110. A barrister has a duty to uphold the interests of his client without regard to his own interests or to any consequences to himself or to any other person.
111. A barrister has the same privilege as his client of asserting and defending the client's rights by the statement of every fact and the use of every argument that is permitted by the principles and practice of the law.
112. If a barrister forms the view that there is a conflict of interest between his lay client and the person instructing him in the matter or the company, firm or other body of which such a person is a director, partner, member or employee, he should advise that it would be in the lay client's interest to instruct another person authorised to instruct him in the matter. Such advice should be given either in writing or at a conference at which both the person instructing him in the matter and the lay client are present.
113. A barrister instructed to settle
a pleading is under responsibilities
to the Court as well as to his client.
He may not make any allegation unsupported
by his instructions. He may not allege
fraud unless:
(a) he has clear instructions to plead fraud, and
(b) he has before him reasonably credible material which, as it stands, establishes
a prima facie case of fraud.
114. In a criminal appeal to the Court of Appeal a barrister should not settle grounds of appeal unless he considers that the proposed appeal is properly arguable.
115. In legally-aided civil cases a barrister's primary duty remains owed to his lay client but circumstances may arise where a barrister becomes of the opinion that an assisted person, for example, no longer has a reasonable prospect of success, or has required the case to be conducted or continued unreasonably in which case a barrister must comply with the provisions of Regulations 12(7) and (8) of the Legal Aid Regulations, which are reproduced at Annex 10.

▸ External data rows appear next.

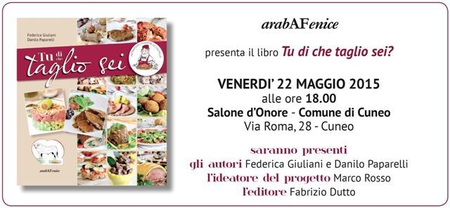 Domani venerdì 22 maggio presso il Salone d'onore del Comune di Cuneo alle ore 18 la food blogger Federica Gelso Giuliani, il vignettista Danilo Paparelli e il direttore di "Terraviva" Marco Rosso con l'editore Fabrizio Dutto presenteranno il nuovo volume edito da Araba Fenice "Tu di chetaglio sei", 31 ricette realizzate e fotografate da Federica e illustrate con le divertenti vignette di Paparelli per scegliere e cucinare il taglio giusto della carne di razza bovina piemontese.
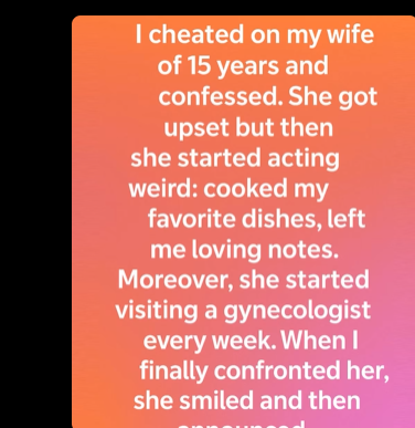 Weeks passed, and her calmness felt unsettling. Every week, she said she had appointments with her gynecologist. I tried to trust her, but guilt made me suspicious.
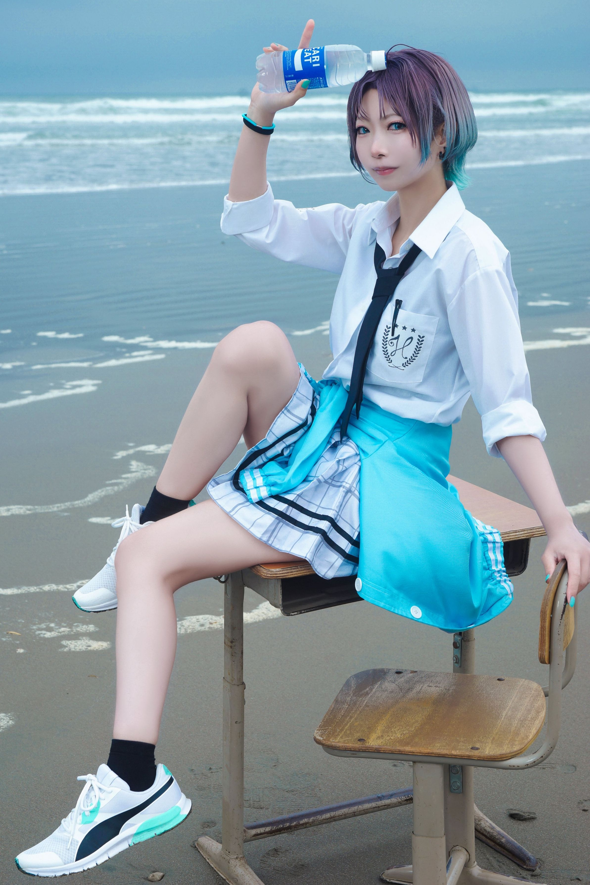 海岸で学校机と椅子持ち込んで撮影しました。
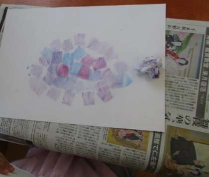 “こちょこちょぬり”とはちがい、薄く色づき、透けているように見えます。子どもたちも楽しんでいました。
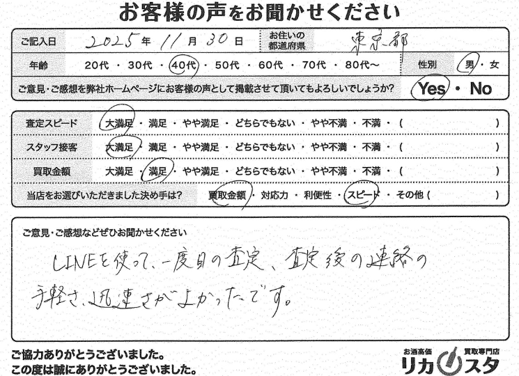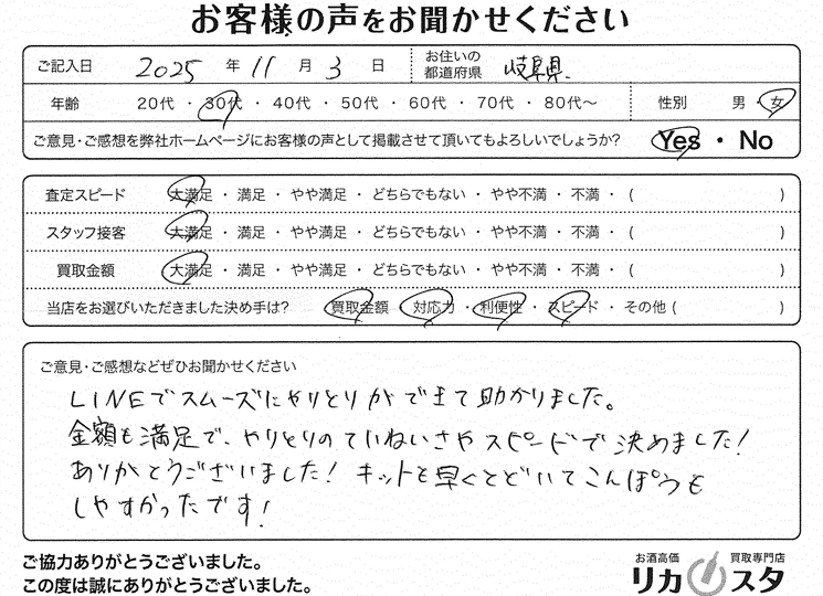 お客様コメント LINEでスムーズにやりとりができて助かりました。金額も満足で、やりとりの丁寧さやスピードで決めました!ありがとうございました!宅配キットも […]
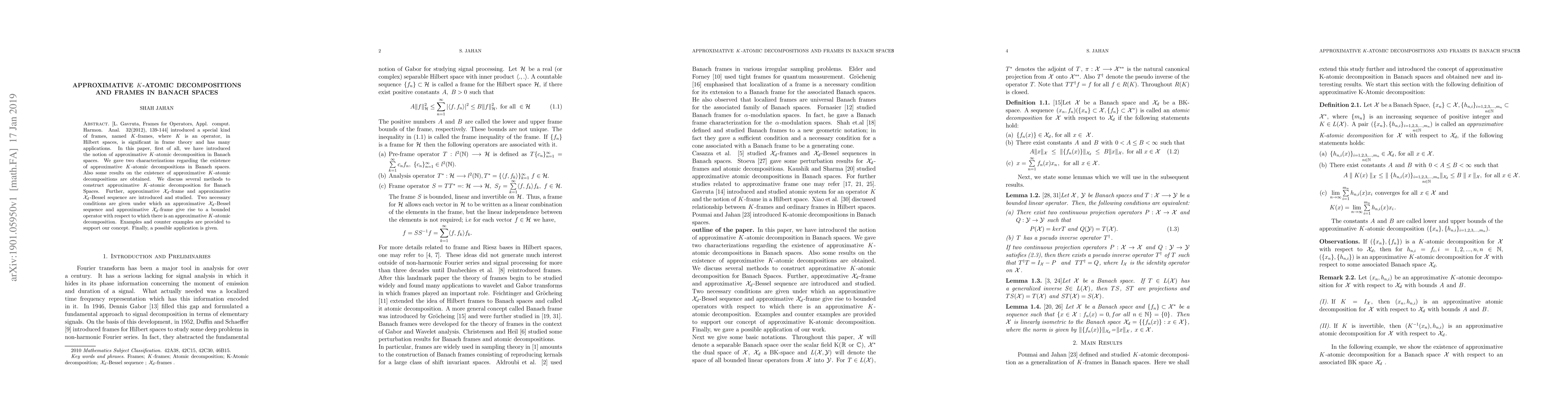 This paper introduces the concept of approximative $K$-atomic decompositions in Banach spaces, providing two characterizations for their existence and discussing construction methods. It also explores approximative $\mathcal{X}_d$-frames and $\mathcal{X}_d$-Bessel sequences, offering necessary conditions for their bounded operator applications and including examples and counterexamples.
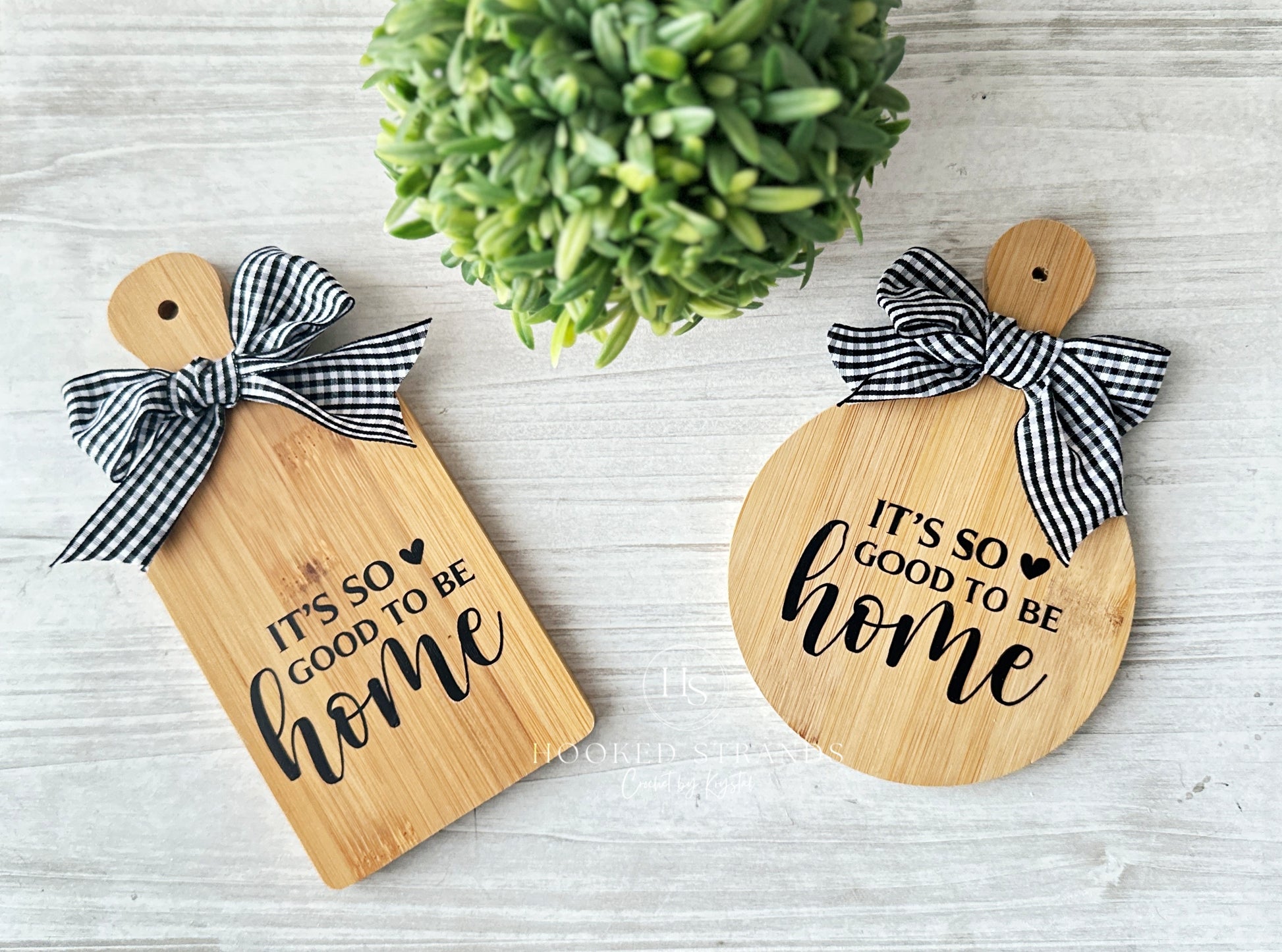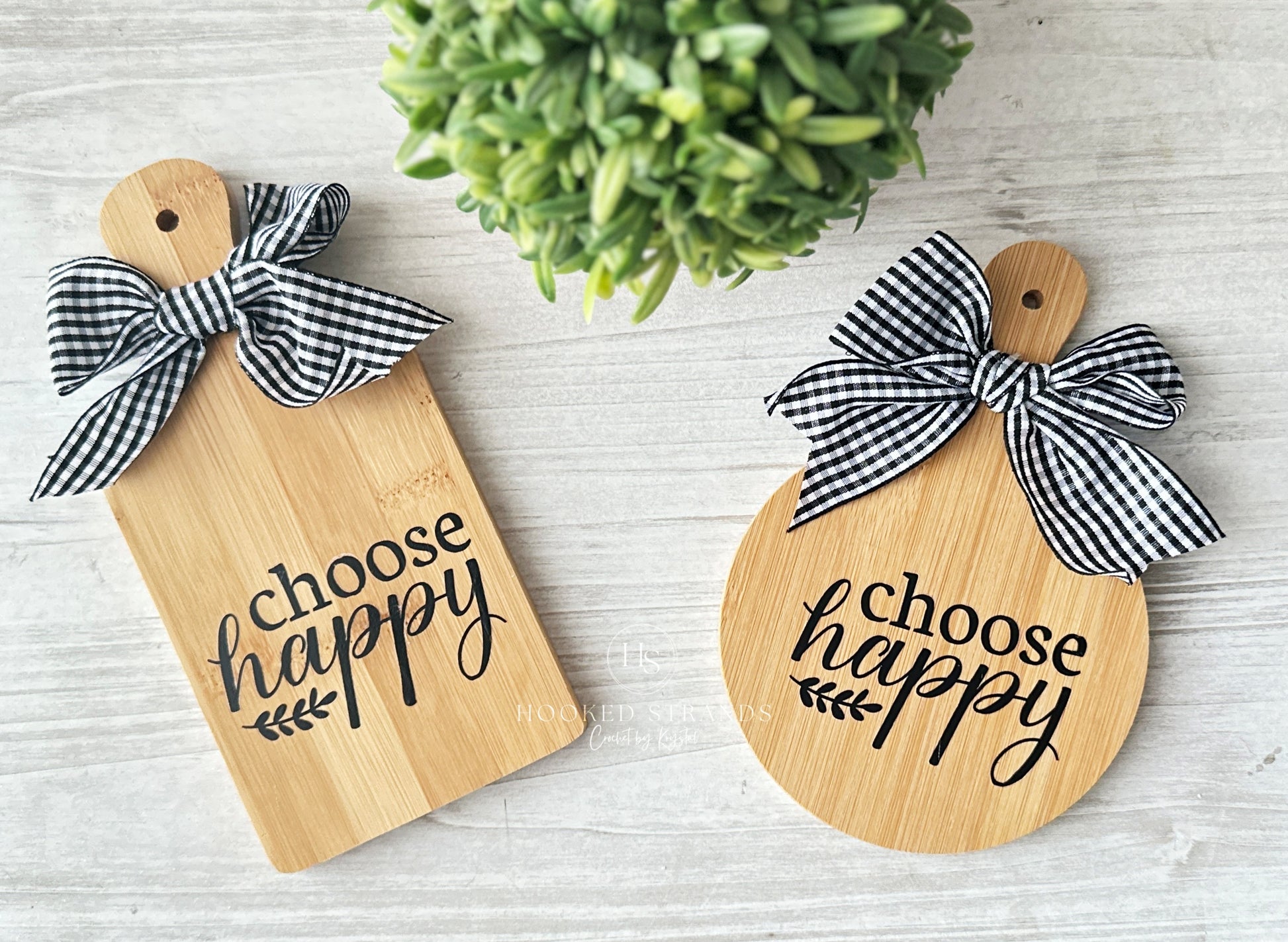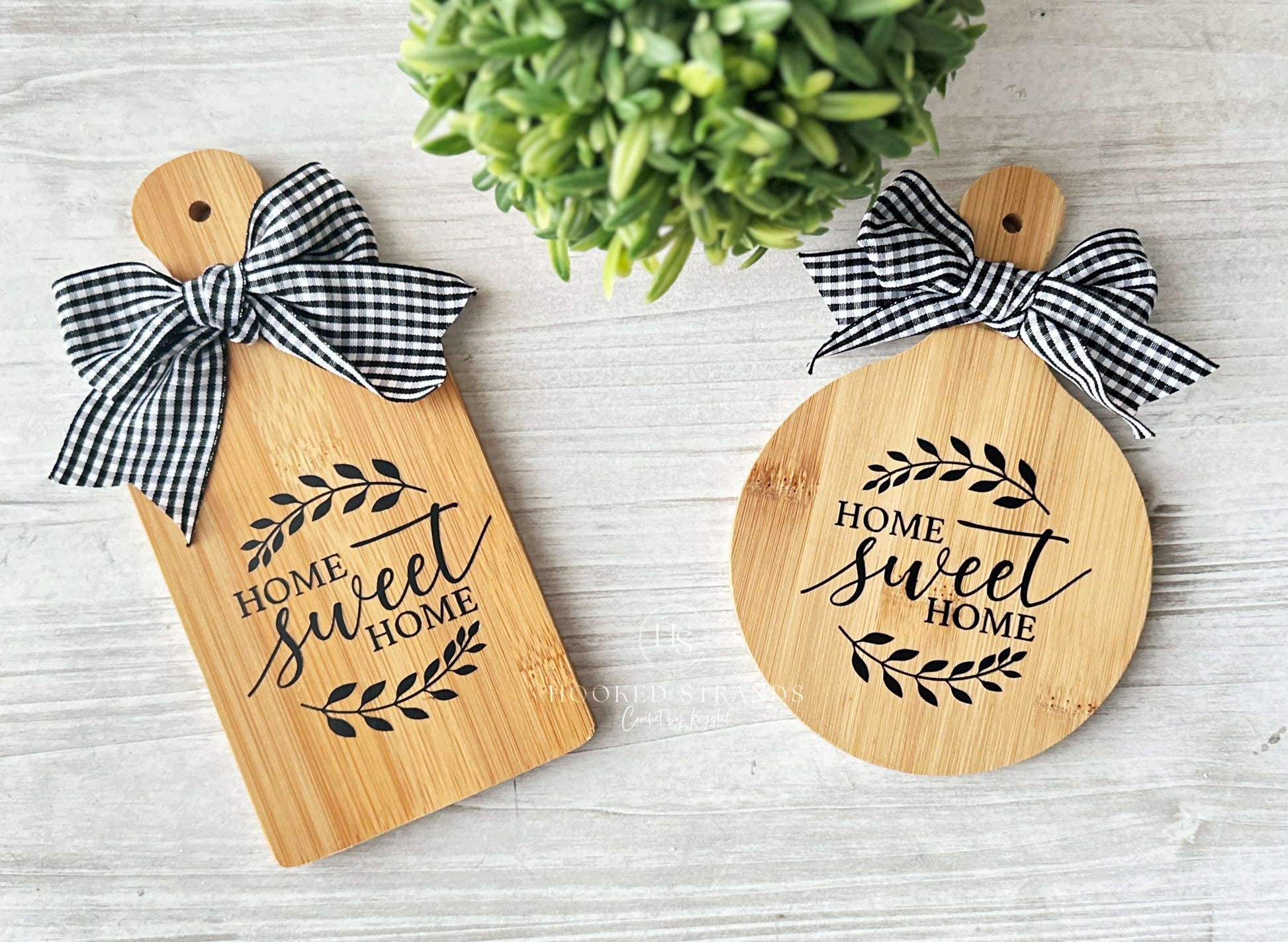 These mini charcuterie boards are a cute addition to your farmhouse decor. You can use the decorative cutting board as tiered tray decor or hang on a kitchen wall. Choose either round or rectangle board style and your choice of 8 designs.
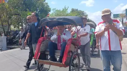 Datang Naik Becak Diiringi Rebana, Marija-Yusron Daftar Pilkada Kulon Progo 2024
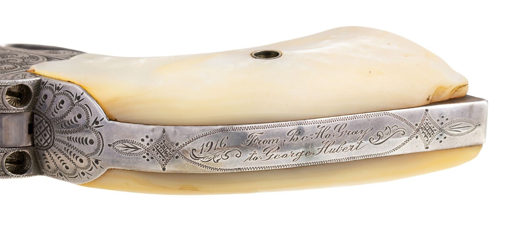 PERIOD SILVER PLATING & INSCRIPTION FROM BEE HO-GRAY TO GEORGE HUBERT. Cal. 45 Colt. S# 317105. Mfg. 1911. Bbl. 7 1/2" with blade front sight. Bee-Ho Gray (1885-1951). Was an accomplished trick roper who performed in circuses, rodeos and a multitude of Wild west shows including the Miller Brothers / 101 Ranch Real Wild West Show. Born Emberry Cannon Gray in Leon, Chickasaw Nation, Indian Territory, OK, Gray was raised amongst the Apache, Comanche, and Kiowa tribes and would eventually take on the name Bee-Ho. Bee Ho Gray joined the Miller Brothers / 101 Ranch show and traveled with them from 1907-1916 and again from 1925-1931. It should be noted that this revolver was shipped to Chicago on March 30, 1911, Bee-Ho Gray travelled with the show and performed in Chicago just over 3 months later on July 8, 1911. Other notable performers include Tom Mix & "Buffalo" Bill Cody. Revolver appears to be factory engraved in the complex style of Cuno Helfricht. Frame & bbl. feature foliate scroll over a punch dot background. Recoil shield & loading gate have the Helfricht style sunburst pattern. In between cyl. flutes alternate notes of scroll and fancy finial patterns. Found throughout are zig zag, punch dot, straight & wavy line borders. Backstrap professionally inscribed (non factory) :1916 Fron Bee-Ho Gray / To George Hubert". Revolver is fully silver plated, tarnish would indicate that this was likely done at the time of inscription. It is unknown who George Hulbert was but date of inscription coincides with Gray's final year of his first stint with the Miller Brothers / 101 Ranch show. Revolver is stocked with fancy factory 2 piece mother of pearl grips. Matching numbers on frame, trigger guard frame, cyl. & butt. UNATTACHED ACCESSORIES: excerpt from Colt factory letter stating the following: "Serial Number: 317105 / Caliber: 45/c / Barrel Length: 7 1/2" / Finish: Nickel / Type of Stocks: Pearl / Factory Engraved: Yes / Shipped To: Von Lengerke & Antoine / Address: Chicago, Illinois / Date of Shipment: March 30, 1911 / Number of Same Type Guns in Shipment: 1". Custom glass topped red velour shadow lined oak display case containing commemorative plaque and an assortment of Western themed souvenirs. Case is housed in a white cardboard shipping carton. CONDITION: metal retains 98% of its period silver plating with small spot of flaked finish at lower right of muzzle. Silver has acquired a handsome darkening tarnish with age. Sharp edges are softened slightly. Grips are very good with small dings and scratches. Right panel has small loss at heel. Good bore is generally bright with scattered areas of fine pitting. An overall attractive Wild West Colt SAA. PROVENANCE: From the Buckstix Collection. (25-6319/BH). CURIO. $18,000-27,000.
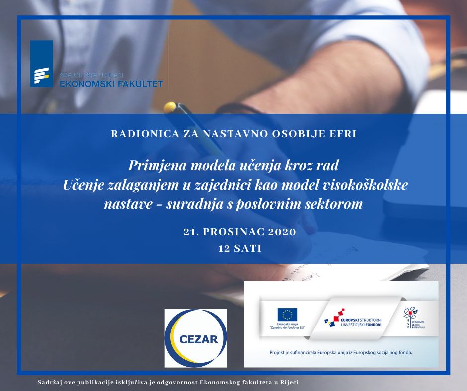 kroz unapređenje Centra za karijere i razvoj stručne prakse – CEZAR", održat će se još jedna radionica namijenjena nastavnom osoblju Ekonomskog fakulteta u Rijeci.
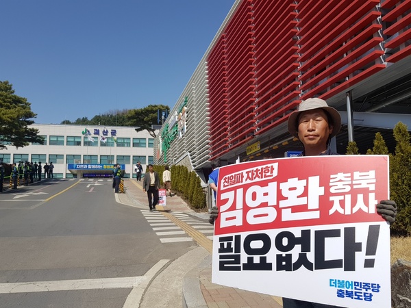 김 지사의 괴산군청 도착 1시간 전부터 군청 앞에서 괴산광복회 회원 등 주민들이 김 지사와 윤석열 대통령을 싸잡아 비난하는 글이 쓰인 피켓을 들고 시위를 했다.
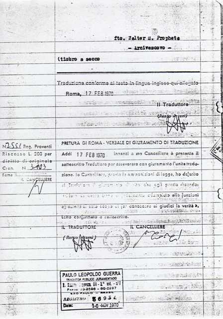 Bula de Incardinação na The American Orthodox Catholic Church, pelo Arcebispo e Exarca Dom Giuseppe Eusebio Santo Pace
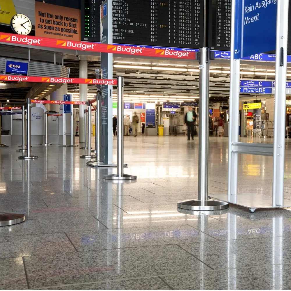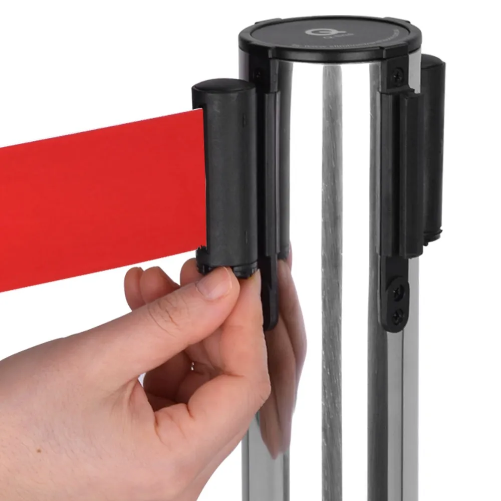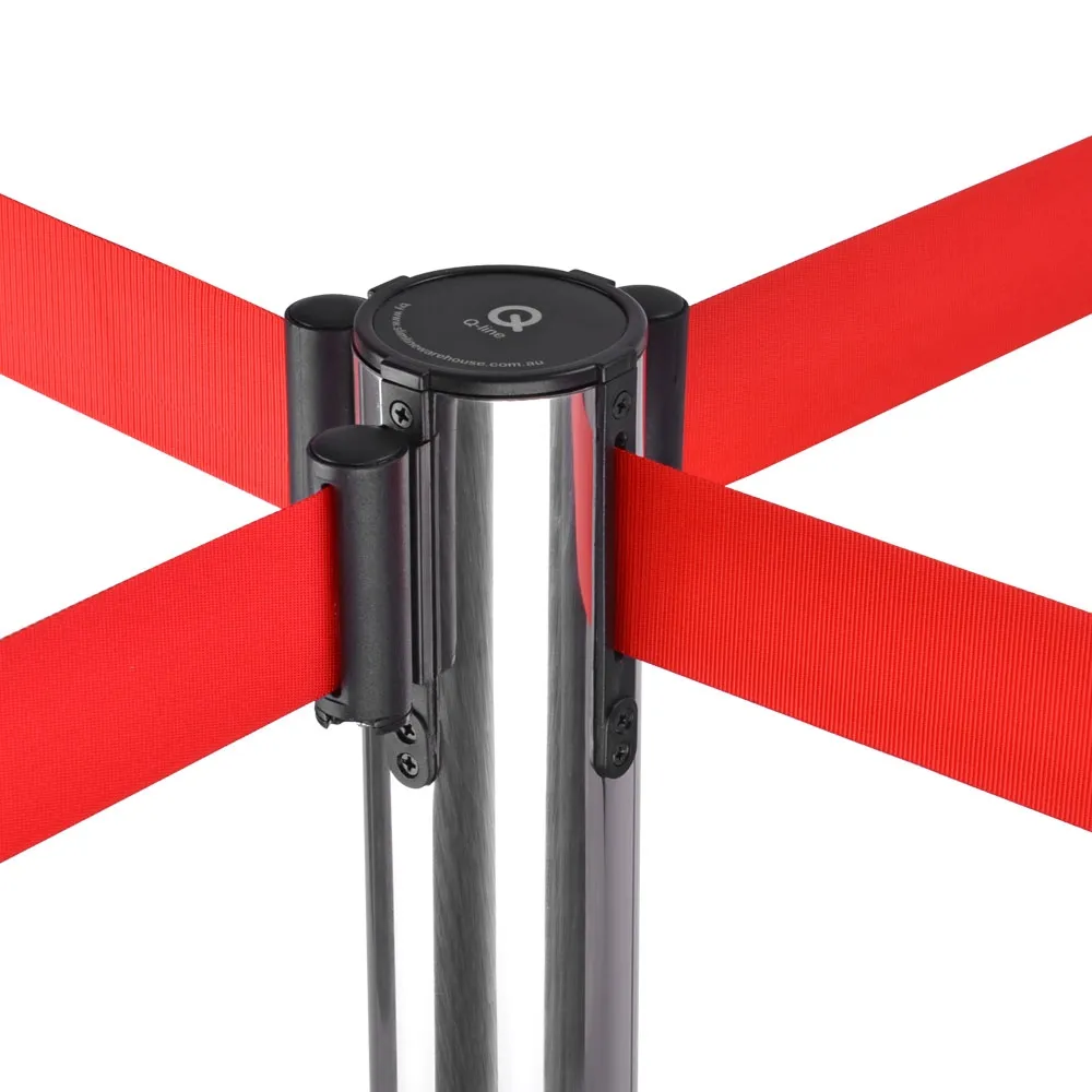 The retractable tape barriers ensures stability by using a weighted base that has also been rubberised, helping to protect floors from getting scratched during use. The barrier belt posts are made from stainless steel for strength, and assembly without tools as the base & post screw together easily. The adapter on top of the stanchion allows for connections in 4 directions to make setting up a queue or sectioning at your cinema, museum, airport, exhibition hall, retail store, shopping centre, train station, and more!

116. A barrister employed as Counsel is under a duty not to communicate to any third person information which has been entrusted to him in confidence, and not to use such information to his client’s detriment or to his own or another client’s advantage. This duty continues after the relation of Counsel and client has ceased. A barrister’s duty not to divulge confidential information without the consent of his client, express or implied, subsists unless he is compelled or permitted to do so by law.